Is ‘I do’ all it takes?
25 October 2013
The proposed marriage tax break is due to target one third of married couples (generally middle earners). The focus of the message is on marriage as the basis for a family. It’s not been a crowd pleaser, with critics including:
- The single parent charity: it stigmatises single parent families
- The economists: it will lead to refusals of pay rises
- The Conservative backbencher: it should have been for all married couples regardless of income
The Centre for Social Justice has argued that the main point is to encourage commitment and lasting relationships—the focus on marriage is just because it’s easier to identify married people than cohabiting people in the tax system.
There is no denying that stable relationships are important, at all stages of life, and that work towards supporting people to maintain good relationships should be applauded. My main focus this year has been on working with charities supporting offenders (or ex-offenders) with their relationships, including those with partners, as an important pathway to rehabilitation. We are working to help these charities measure the impact of their work.
On this project, it has been interesting to see the work of charities aimed at helping offenders distinguish between positive and negative relationships. So, while a charity might support an offender to sustain a positive relationship, ending a negative one can be a successful outcome too. This could be an abusive relationship, or one associated with a destructive influence such as drug use. And here’s where the message of the proposed policy becomes particularly debatable.

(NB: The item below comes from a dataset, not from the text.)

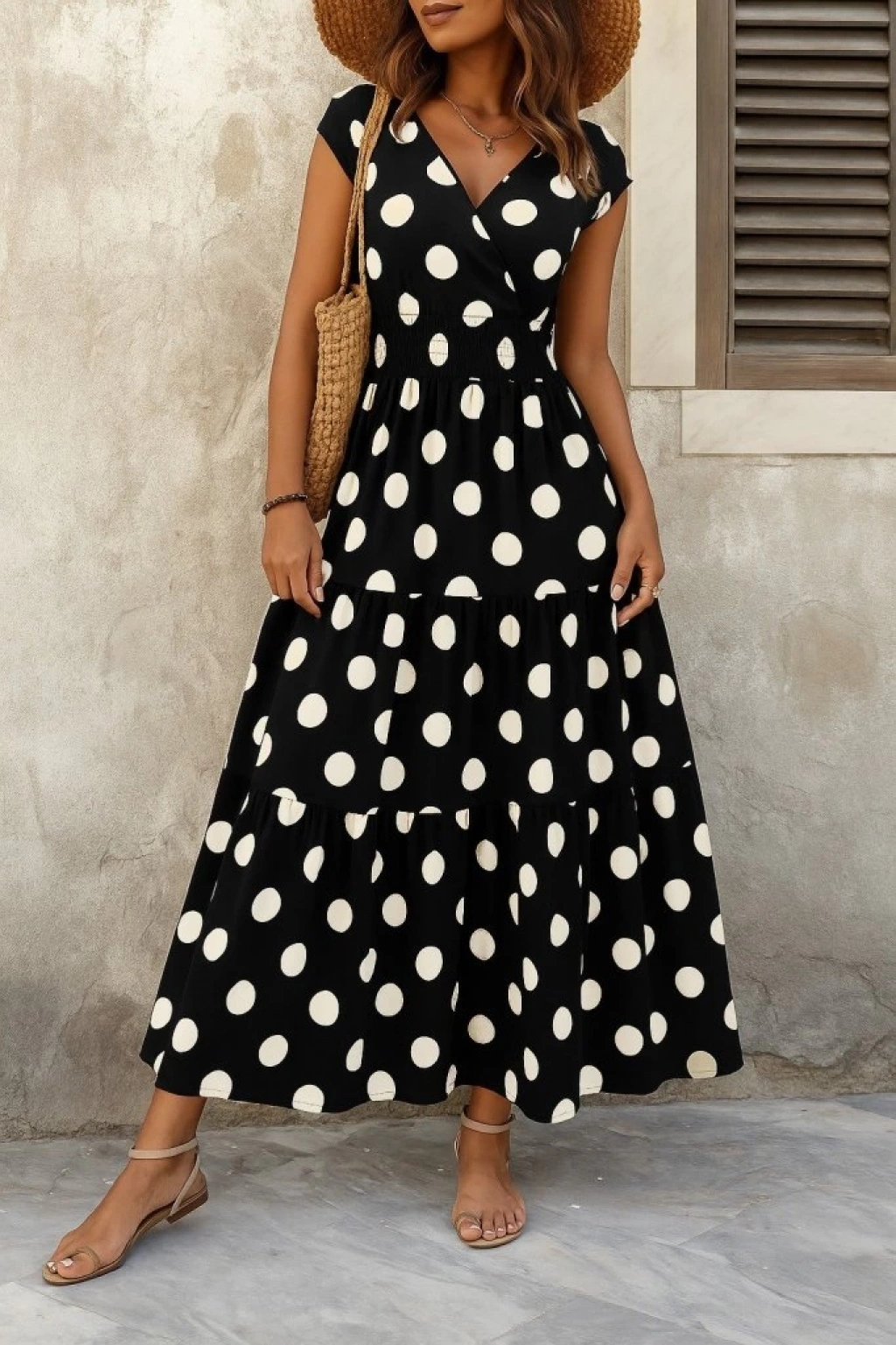 Kadın Kısa Kollu Kruvaze Yaka Beli Lastikli Süprem Maksi Boy Elbise

The policy is in danger of implying that being in a relationship is always better than not being in one. When I interviewed parents about their reasons for separation, as part of a research project for the Child Support Agency, I uncovered tortuous stories of couples separating. These were not marriage or relationship break ups on a whim. Research comparing couple families experiencing high levels of conflict with single parent families found that children fare less well in conflicted couple families. And as some have stated, the policy risks underplaying the significance of domestic violence, including forced marriage (research I carried out in 2009 suggested 5,000 to 8,000 cases of forced marriage a year).
The policy might also imply that it’s up to you as an individual whether you want to fall in love, marry and stay together, that it’s a deliberate choice completely within your control, that we shun commitment and need encouragement. And that there’s no luck involved. With so many people using dating websites to find a long-term partner, I’m not convinced we need to be told that ‘commitment, responsibility and stability that helps to bind families’ is a good thing.
As the rehabilitation organisations we are working with know well, supporting positive choices to help individuals build a positive future might end in “I do” but, equally, it might not. A slightly more complex message perhaps, but an important one.